Search code examples
pythonpython-xarrayzarr

zarr not respecting chunk size from xarray and reverting to original chunk size


I'm opening a zarr file and then rechunking it and then writing it back out to a different zarr store. Yet when I open it back up it doesn't respect the chunk size I previously wrote. Here is the code and the output from jupyter. Any idea what I'm doing wrong here?
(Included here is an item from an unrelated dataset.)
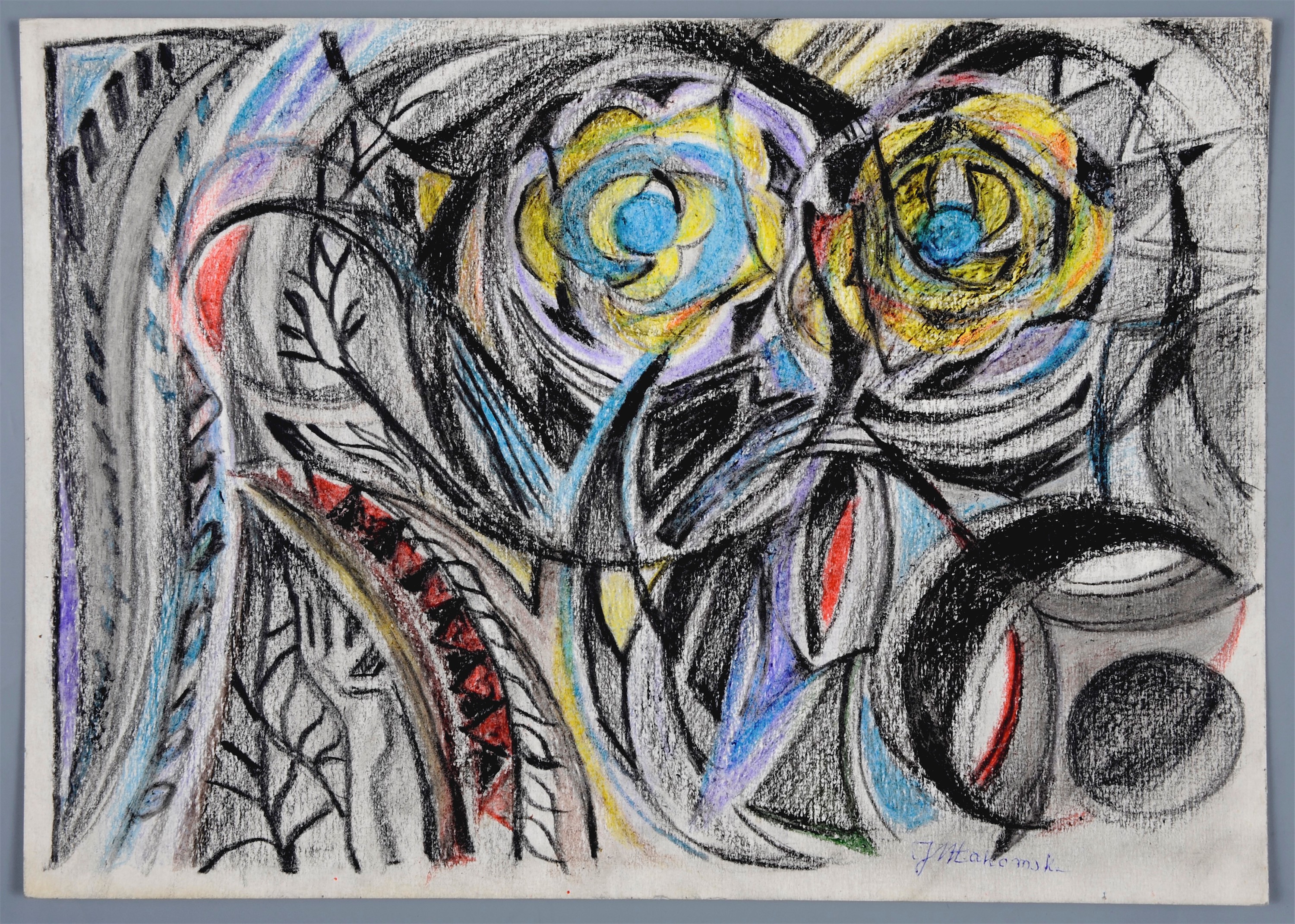 kredki świecowe karton, 23 x 32,5 cm;sygn. p. d.: JMŁakomska (niebieskim długopisem)

bathy_ds = xr.open_zarr('data/bathy_store')
bathy_ds.elevation

enter image description here

bathy_ds.chunk(5000).elevation

enter image description here

bathy_ds.chunk(5000).to_zarr('data/elevation_store')
new_ds = xr.open_zarr('data/elevation_store')
new_ds.elevation

enter image description here

It is reverting back to the original chunking as if I'm not fully overwriting it or changing some other setting that needs changing.


Solution

  • This seems to be a known issue, and there's a fair bit of discussion going on within the issue's thread and a recently merged PR.

    Basically, the dataset carries the original chunking around in the .encoding property. So when you call the second write operation, the chunks defined in ds[var].encoding['chunks'] (if present) will be used to write var to zarr.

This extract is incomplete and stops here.